The data below is to be written out exactly, with no pictures.

START Supplied material

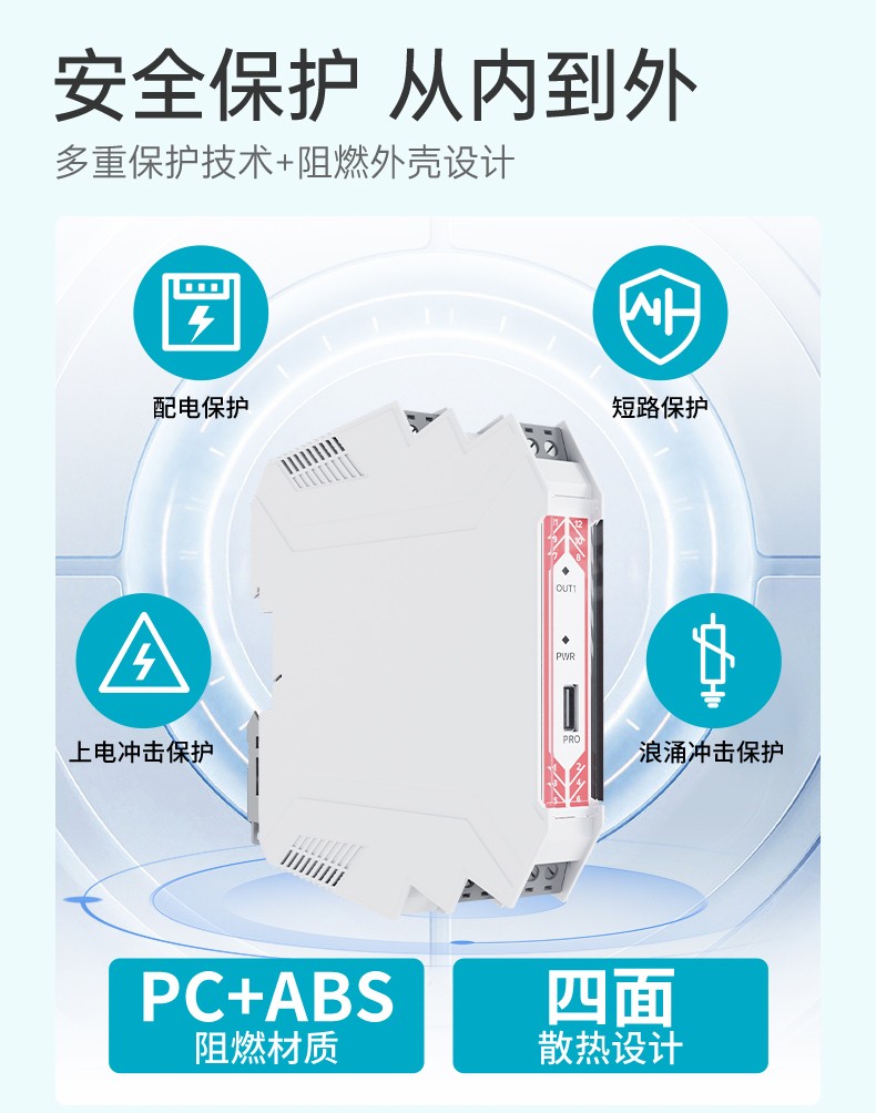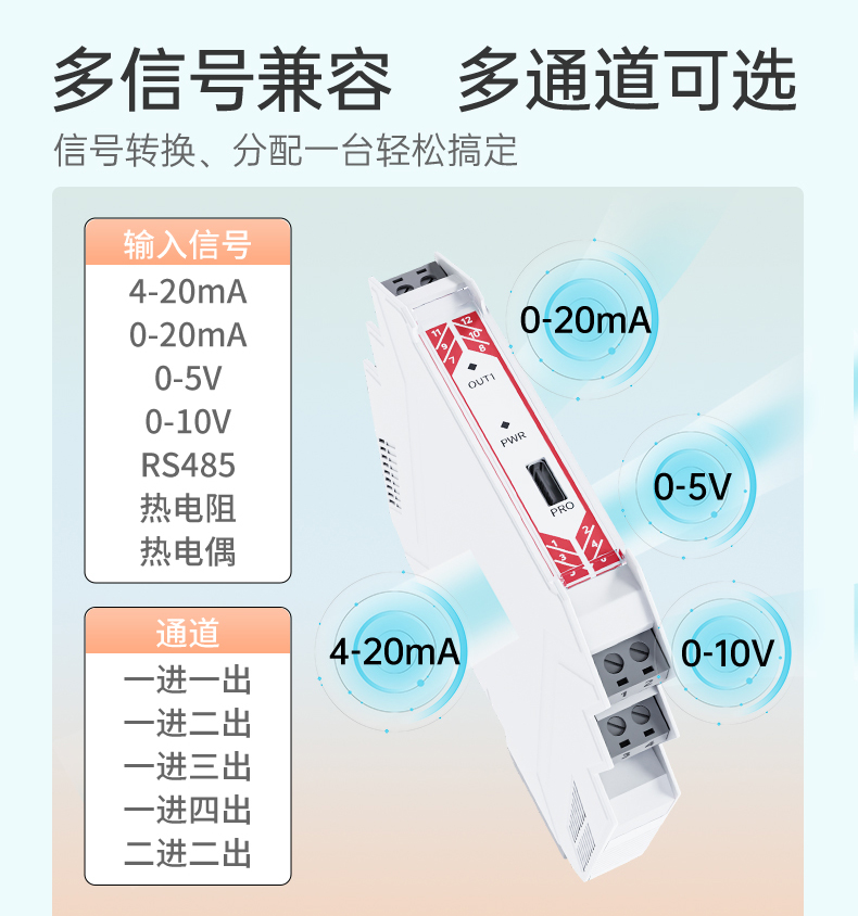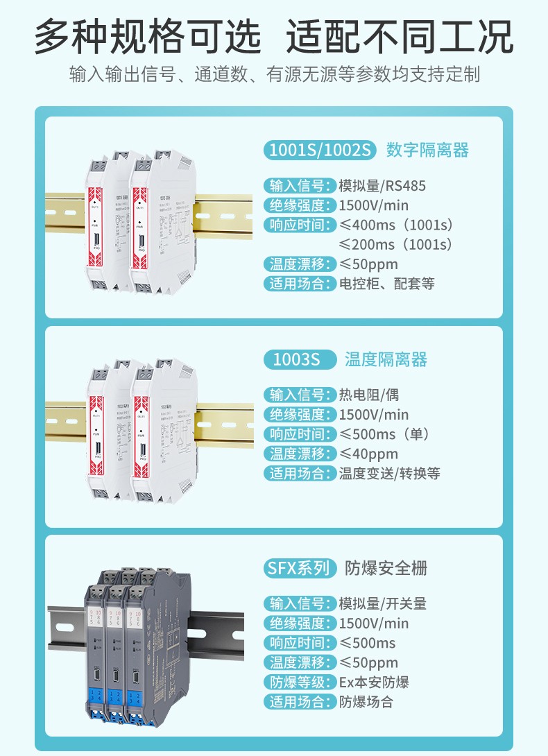 適用場合:隔離器給二、三線制變送器提供隔離的工作電源,將變送器產(chǎn)生的電流信號隔離并轉(zhuǎn)化為其他儀表所需的信號,實現(xiàn)輸入、輸出、電源之間的三端隔離,從而提高工業(yè)過程自動控制系統(tǒng)的抗干擾能力,保證系統(tǒng)的穩(wěn)定性和可靠性。隔離器可與各類儀表、DCS、PLC 等設(shè)備配套使用,在石油、石化、制造、電力、冶金等行業(yè)的重大工程中有著廣泛應用。
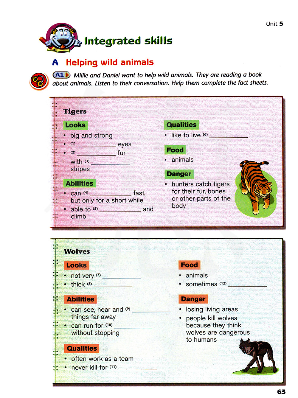 米莉和丹尼尔想帮助野生动物。他们正在阅读一本关于动物的书。听他们的对话。帮助他们完成情况说明。
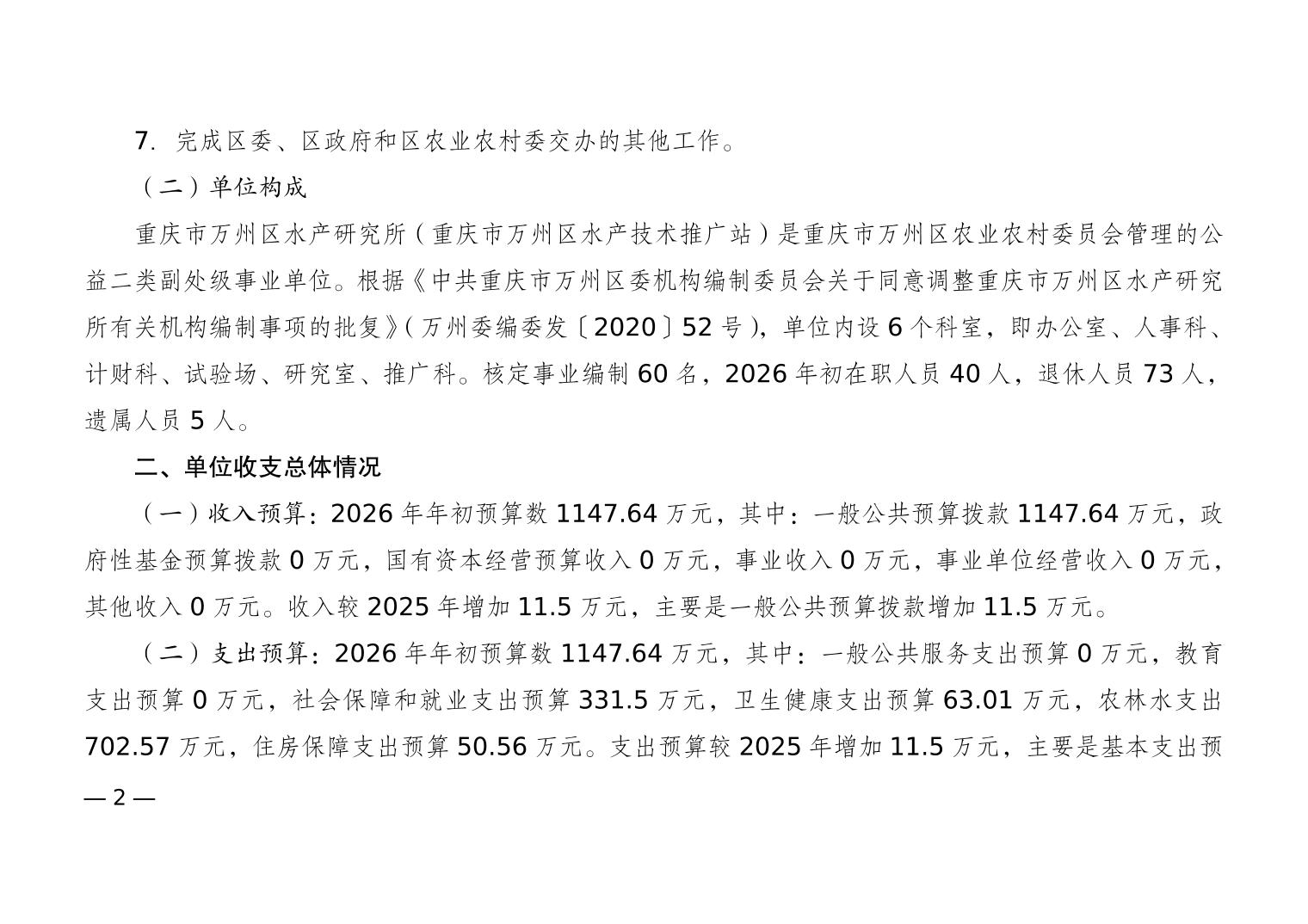 在线博彩平台 水产研究所(在线博彩平台 水产技术推广站)2026年单位预算公开说明及预算附表
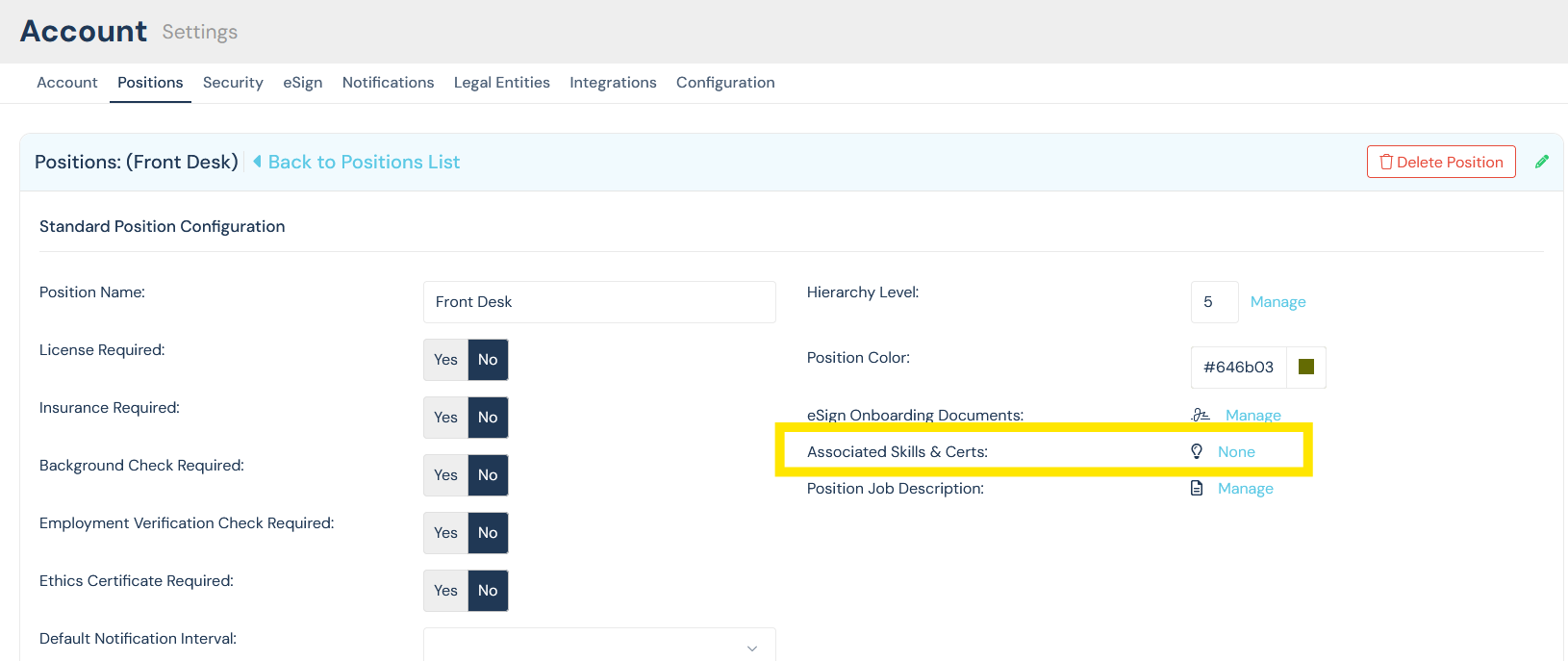 - Link credentials to positions so you know which certifications are required (or nice to have) for each role.
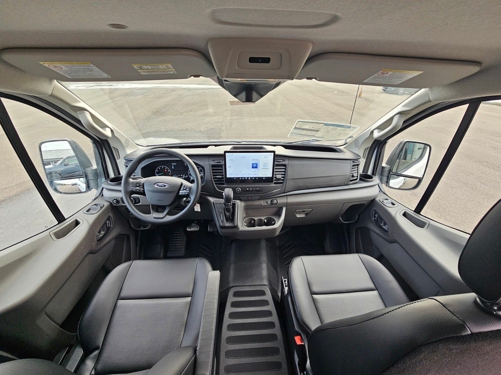 Oxford White 2025 Ford Transit-250 RWD 10-Speed Automatic with Overdrive 3.5L V6 Flex Fuel 3.73 Axle Ratio, 4 Speakers, 4-Wheel Disc Brakes, ABS brakes, Air Conditioning, AM/FM radio, AM/FM Stereo, Auto High-beam Headlights, Brake assist, Dark Palazzo Gray Vinyl Bucket Seats, Delay-off headlights, Driver door bin, Driver's Seat Mounted Armrest, Dual front impact airbags, Dual front side impact airbags, Electronic Stability Control, Exterior Parking Camera Rear, Front anti-roll bar, Front Bucket Seats, Front reading lights, Front wheel independent suspension, Fully automatic headlights, Illuminated entry, Low tire pressure warning, Occupant sensing airbag, Overhead airbag, Panic alarm, Passenger cancellable airbag, Passenger door bin, Passenger-Side B-Pillar Assist Handle, Power door mirrors, Power steering, Power windows, Remote keyless entry, Short-Arm Manual-Folding Power Adjust Mirrors, Speed control, Steering wheel mounted audio controls, Tachometer, Telescoping steering wheel, Tilt steering wheel, Traction control, Variably intermittent wipers, Vinyl Front Bucket Seats, Wheels: 16 Silver Steel w/Black Hubcap.
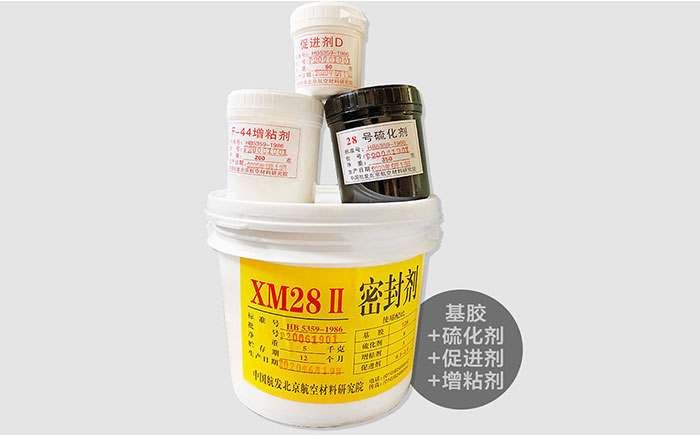 和我們常見的雙組分膠粘劑不同,XM28密封劑是以液體聚硫橡膠為基礎(chǔ)的四組分室溫硫化聚硫密封劑。該產(chǎn)品是由北京航空材料研究院研發(fā)生產(chǎn)的,已經(jīng)在航空飛機(jī)上投入使用,并且使用效果良好。

END Supplied material

Response for this exercise ->
 適用場合:隔離器給二、三線制變送器提供隔離的工作電源,將變送器產(chǎn)生的電流信號隔離并轉(zhuǎn)化為其他儀表所需的信號,實現(xiàn)輸入、輸出、電源之間的三端隔離,從而提高工業(yè)過程自動控制系統(tǒng)的抗干擾能力,保證系統(tǒng)的穩(wěn)定性和可靠性。隔離器可與各類儀表、DCS、PLC 等設(shè)備配套使用,在石油、石化、制造、電力、冶金等行業(yè)的重大工程中有著廣泛應用。
 米莉和丹尼尔想帮助野生动物。他们正在阅读一本关于动物的书。听他们的对话。帮助他们完成情况说明。
 在线博彩平台 水产研究所(在线博彩平台 水产技术推广站)2026年单位预算公开说明及预算附表
 - Link credentials to positions so you know which certifications are required (or nice to have) for each role.
 Oxford White 2025 Ford Transit-250 RWD 10-Speed Automatic with Overdrive 3.5L V6 Flex Fuel 3.73 Axle Ratio, 4 Speakers, 4-Wheel Disc Brakes, ABS brakes, Air Conditioning, AM/FM radio, AM/FM Stereo, Auto High-beam Headlights, Brake assist, Dark Palazzo Gray Vinyl Bucket Seats, Delay-off headlights, Driver door bin, Driver's Seat Mounted Armrest, Dual front impact airbags, Dual front side impact airbags, Electronic Stability Control, Exterior Parking Camera Rear, Front anti-roll bar, Front Bucket Seats, Front reading lights, Front wheel independent suspension, Fully automatic headlights, Illuminated entry, Low tire pressure warning, Occupant sensing airbag, Overhead airbag, Panic alarm, Passenger cancellable airbag, Passenger door bin, Passenger-Side B-Pillar Assist Handle, Power door mirrors, Power steering, Power windows, Remote keyless entry, Short-Arm Manual-Folding Power Adjust Mirrors, Speed control, Steering wheel mounted audio controls, Tachometer, Telescoping steering wheel, Tilt steering wheel, Traction control, Variably intermittent wipers, Vinyl Front Bucket Seats, Wheels: 16 Silver Steel w/Black Hubcap.
 和我們常見的雙組分膠粘劑不同,XM28密封劑是以液體聚硫橡膠為基礎(chǔ)的四組分室溫硫化聚硫密封劑。該產(chǎn)品是由北京航空材料研究院研發(fā)生產(chǎn)的,已經(jīng)在航空飛機(jī)上投入使用,并且使用效果良好。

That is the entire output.